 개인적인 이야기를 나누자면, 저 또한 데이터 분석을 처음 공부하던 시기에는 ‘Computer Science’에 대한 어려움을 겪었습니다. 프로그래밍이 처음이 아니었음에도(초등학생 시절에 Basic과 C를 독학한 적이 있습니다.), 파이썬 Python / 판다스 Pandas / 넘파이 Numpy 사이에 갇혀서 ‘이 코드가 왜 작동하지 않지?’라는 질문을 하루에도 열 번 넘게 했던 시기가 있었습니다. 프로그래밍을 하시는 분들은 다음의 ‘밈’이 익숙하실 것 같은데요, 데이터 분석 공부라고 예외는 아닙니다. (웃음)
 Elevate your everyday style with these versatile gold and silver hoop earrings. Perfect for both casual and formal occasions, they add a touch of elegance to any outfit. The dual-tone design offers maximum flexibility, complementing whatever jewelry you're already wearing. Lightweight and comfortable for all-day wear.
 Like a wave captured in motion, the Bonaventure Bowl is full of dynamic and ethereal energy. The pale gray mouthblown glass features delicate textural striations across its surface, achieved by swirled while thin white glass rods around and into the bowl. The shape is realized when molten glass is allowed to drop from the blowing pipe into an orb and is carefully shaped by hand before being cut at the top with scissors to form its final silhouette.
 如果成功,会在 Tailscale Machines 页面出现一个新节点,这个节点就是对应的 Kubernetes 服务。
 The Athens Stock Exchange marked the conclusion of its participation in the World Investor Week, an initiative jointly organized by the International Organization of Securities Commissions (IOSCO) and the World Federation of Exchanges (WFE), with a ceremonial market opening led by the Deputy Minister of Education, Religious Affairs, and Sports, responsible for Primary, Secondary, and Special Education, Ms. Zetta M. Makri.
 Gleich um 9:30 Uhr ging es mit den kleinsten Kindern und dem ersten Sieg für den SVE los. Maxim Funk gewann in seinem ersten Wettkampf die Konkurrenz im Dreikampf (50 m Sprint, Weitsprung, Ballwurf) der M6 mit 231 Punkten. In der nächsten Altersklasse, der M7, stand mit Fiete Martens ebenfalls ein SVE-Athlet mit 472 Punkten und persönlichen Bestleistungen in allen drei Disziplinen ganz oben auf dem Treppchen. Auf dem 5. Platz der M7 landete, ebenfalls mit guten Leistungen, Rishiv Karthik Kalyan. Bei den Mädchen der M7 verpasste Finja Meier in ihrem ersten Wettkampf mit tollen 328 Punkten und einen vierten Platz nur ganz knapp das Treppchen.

What you are asked to do: Please copy the line holding "如果成功,会在 Tailscale Machines" and all lines after it to the end of the records, exactly, and nothing else.

Response:
 如果成功,会在 Tailscale Machines 页面出现一个新节点,这个节点就是对应的 Kubernetes 服务。
 The Athens Stock Exchange marked the conclusion of its participation in the World Investor Week, an initiative jointly organized by the International Organization of Securities Commissions (IOSCO) and the World Federation of Exchanges (WFE), with a ceremonial market opening led by the Deputy Minister of Education, Religious Affairs, and Sports, responsible for Primary, Secondary, and Special Education, Ms. Zetta M. Makri.
 Gleich um 9:30 Uhr ging es mit den kleinsten Kindern und dem ersten Sieg für den SVE los. Maxim Funk gewann in seinem ersten Wettkampf die Konkurrenz im Dreikampf (50 m Sprint, Weitsprung, Ballwurf) der M6 mit 231 Punkten. In der nächsten Altersklasse, der M7, stand mit Fiete Martens ebenfalls ein SVE-Athlet mit 472 Punkten und persönlichen Bestleistungen in allen drei Disziplinen ganz oben auf dem Treppchen. Auf dem 5. Platz der M7 landete, ebenfalls mit guten Leistungen, Rishiv Karthik Kalyan. Bei den Mädchen der M7 verpasste Finja Meier in ihrem ersten Wettkampf mit tollen 328 Punkten und einen vierten Platz nur ganz knapp das Treppchen.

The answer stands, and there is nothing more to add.